Das "andere" Island hat einen Namen: Birgitta Jónsdóttir, Gründerin der isländischen Piraten, Internetaktivistin und vor allem Ikone der Anti-Establishment-Bewegung. Ihre Partei lag gleich nach den "Panama Papers" in Umfragen bei bis zu 40 Prozent der Stimmen.
Dann kamen die Fußball-Europameisterschaft und der berauschende Erfolg des isländischen Teams. Leute, die sich vorher kaum noch angeguckt hatten, lagen sich plötzlich in den Armen und das hatte Folgen für die Piraten. Sie sind auf knapp 22 Prozent zurückgefallen, wären aber noch immer die zweitstärkste politische Kraft.
Kampf gegen Filz und Vetternwirtschaft
Jónsdóttir erläutert die wichtigsten Ziele: eine neue Verfassung auf den Weg bringen, die es bisher nur als Entwurf gibt, der von den Isländern zwar abgenickt, von der Politik bisher aber ignoriert worden ist; das Gesundheitssystem verbessern und dann natürlich der Kampf gegen Filz und Vetternwirtschaft:
"Wir haben es mit einer ethischen Krise zu tun. Das sieht man an der Art, wie hier mit dem gegenwärtigen Tourismusboom umgegangen wird. Der geht zu Lasten vieler und es gibt keine Gesetze, die dem Grenzen setzen. Das hat unsere Infrastruktur geschwächt und zu einer weiteren Korruptionswelle geführt, etwa beim am schnellsten wachsenden Unternehmen des Landes."
"Unabhängige" wieder knapp vor den Piraten
Damit meint sie den Flughafen Keflavik und nennt als Beispiel gern den Bus-Service von dort in die Hauptstadt und zurück. Die Firma, die diesen Transport exklusiv anbietet, unterhält laut Jónsdóttir enge Beziehungen zum Finanzminister. Er heißt Bjarni Benediktsson, war eine der in den "Panama Papers" erwähnten Figuren und gehört zur konservativen Unabhängigkeitspartei, die bisher zusammen mit der liberalen Fortschrittspartei von Ex-Premier Gunnlaugsson regiert hat. Gunnlaugsson war über die "Panama Papers" gestolpert und ist erst vor kurzem als Parteichef abgewählt worden.

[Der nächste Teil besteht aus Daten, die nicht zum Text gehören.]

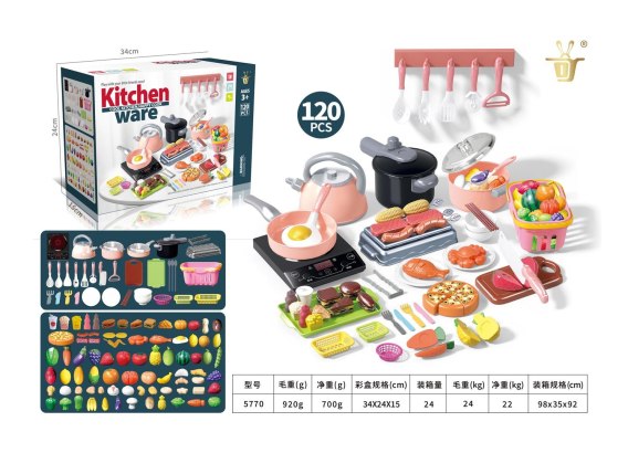 - kuchenka indukcyjna, - duży koszyk zakupowy, - garnek z pokrywką, - patelnia z pokrywką, - szybkowar, - czajnik - grill, - deska do krojenia, - tacka, - 2 x miseczki, - 3 x mały koszyczek, - szczypce, - łyżka do makaronu, - chochelka, - 2 x łopatka, - kółko do pizzy, - obieraczka, - tasak, - 4 x patyczki, - 2 x widelczyk, - 2 x nożyk, - 2 x talerzyk, - atrapy produktów spożywczych: napój w kubku, pizza na rzepy, kanapka, jajko sadzone, popcorn, frytki, ketchup, sos, hot dog, hamburger, tost, ananas na rzepy, truskawka na rzepy, sałata na rzepy, brzoskwinka na rzepy, cytryna na rzepy, pomidor na rzepy, , arbuz na rzepy, papryka czerwona na rzepy, winogrono na rzepy, marchewka na rzepy, banan na rzepy, 3 x szaszłyk na patyku, bakłażan na rzepy, 2 x beza, 2 x pierożek, dynia, bakłażan, winogrono, groszek zielony, brokuł, kukurydza, ziemniak, 3 x sałata, pomidor, papryka czerwona i zielona, kiwi, pieczarka, truskawka, pomarańcza, ananas, marchew, banany, orzech laskowy, cytryna, nóżka z kurczaka, skrzydełko z kurczaka, kotlet, 3 x ciastko, chleb, chałka, rogal. |

Das Problem dabei trotzdem: Während die Fortschrittspartei bei den Wahlen wohl keine große Rolle mehr spielen wird, liegen die "Unabhängigen" sogar wieder knapp vor den Piraten. Die lehnen aber jede Zusammenarbeit mit den "Etablierten" ab: "Fortschrittspartei und die Unabhängigen kommen für uns nicht in Frage. Denn wir wollen die auf Island blühende Korruption bekämpfen, mit der diese Parteien in Verbindung gebracht werden. Wir müssten also mit Leuten zusammenarbeiten, die für etwas stehen, das wir ein für alle Mal beenden wollen."

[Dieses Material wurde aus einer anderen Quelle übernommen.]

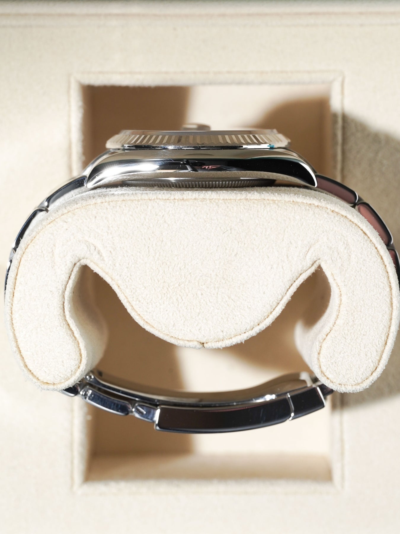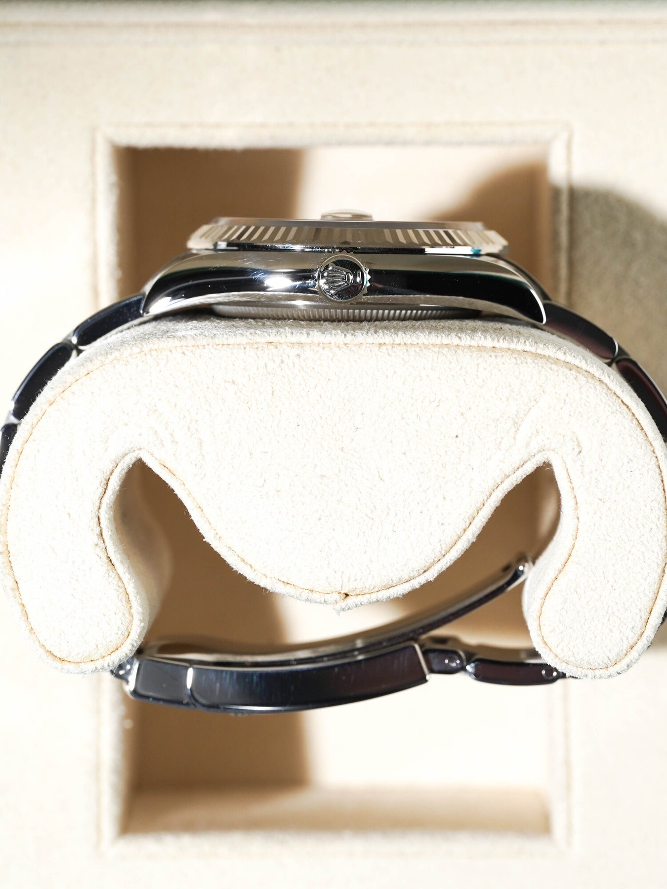36mm stainless steel case, white gold fluted bezel. Crown set on the right side of the watch as well as the date. Green dial, stainless steel oyster bracelet.

"Etablierte" versprechen den Isländern ein "Weiter so"
Wenn es doch noch zu einer Koalition unter Führung der Piraten käme, dann dürfte das ein links-grünes Bündnis werden und eher wackelig sein. Das wissen die "Etablierten" und versprechen den Isländern ein "Weiter so", schön verpackt als Stabilitäts- und Wachstumsgarantie. Ihre simple Botschaft: Piraten bringen alles ins Rutschen, wir bieten Sicherheit.

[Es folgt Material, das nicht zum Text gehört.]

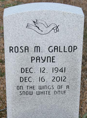 | Payne, Rosa M. Gallop | Dec. 12, 1941 | Dec. 16, 2012 | On the wings of a snow white dove [see obituary] |

Und das scheint vor allem außerhalb der Hauptstadt Reykjavik durchaus anzukommen. Niemand spürt das mehr als die Piraten natürlich, die es in den kleinen Dörfern so viel schwerer haben als in der Hauptstadt. Alfa Eymarsdóttir ist eine von ihren Kandidaten:
"Die Leute haben Angst vor Veränderungen. Sie haben Angst um ihre Jobs. So war das hier schon immer. Isländer sind im Herzen nun einmal konservativ und sie wollen, dass alles bleibt, wie es ist."